My Family History and Values Summary

 My parents were cattle ranchers, and I grew up in a rural area. Everyone in the family worked hard outdoors taking care of our animals and business. My parents were generous, principled, and idealistic people, and I’ve endeavored to follow their example through my life. Tragically, they were star-crossed lovers who couldn’t figure out how to live peaceably with each other. The atmosphere in the family could be calm one moment and terrible the next. Much later, I recognized that their drinking made their conflicts much worse, and I learned that alcoholism was a problem going back several generations on both sides of my family. As a result, there was a lot of conflict, hurt, and uncertainty at home, so I yearned to create a peaceful and secure partnership and family environment.

I arrived at adulthood with healing to do before I was ready for partnership. I sought therapy for depression in my twenties, not understanding then that my drinking made my depression worse. The same year I got engaged to Nancy, I went to therapist Merle Fossum in Saint Paul, Minnesota, an expert in alcoholic families (Facing Shame: Families in Recovery). Merle helped me recognize and accept I was an alcoholic and fortunately I stopped drinking permanently.

Maintaining my recovery and a stable home environment became the number one priority in my life.

I didn’t learn effective couple communication and family problem-solving skills growing up, and I didn’t know what kind of partner was right for me.

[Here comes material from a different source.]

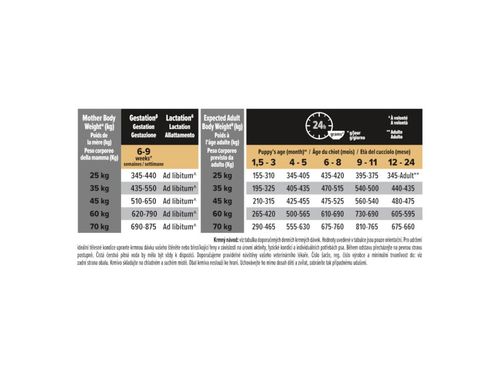 Krmný návod: viz tabulka doporučených denních krmných dávek. Hodnoty uvedené v tabulce jsou pouze orientační. Pro udržení ideální tělesné kondice upravte krmnou dávku vašeho štěněte nebo březí/kojící feny v závislosti na úrovni aktivity, fyzické kondici a individuálních potřebách psa. Během odstavu přecházejte na pevnou stravu postupně. Čistá čerstvá pitná voda by měla být vždy k dispozici. Doporučujeme pravidelné návštěvy vašeho veterinárního lékaře.

I’d always taken my father’s side in my parents’ arguments, so this led to deep conflicts with my mother when I was a child and teenager. When I started dating, I felt untrusting of women and afraid of abandonment. Because the women I dated were kind to me, and through Nancy’s love, I learned to trust and emotionally surrender to our life partnership. This is one of the most beneficial and important decisions I’ve ever made.

 

Key Takeaways from This Chapter

  • Patterns from your childhood need satisfaction, family values, and social support system carry into adulthood.
  • Look for environments and people that help you meet any needs that were frustrated during childhood.
  • The people in your social atom are the support system for your relationship search and your future partnership.
  • Consider your and your potential partner’s family strengths and challenges in deciding what relationship will work for you.
  • If you didn’t learn effective relationship skills growing up, make learning these a priority now.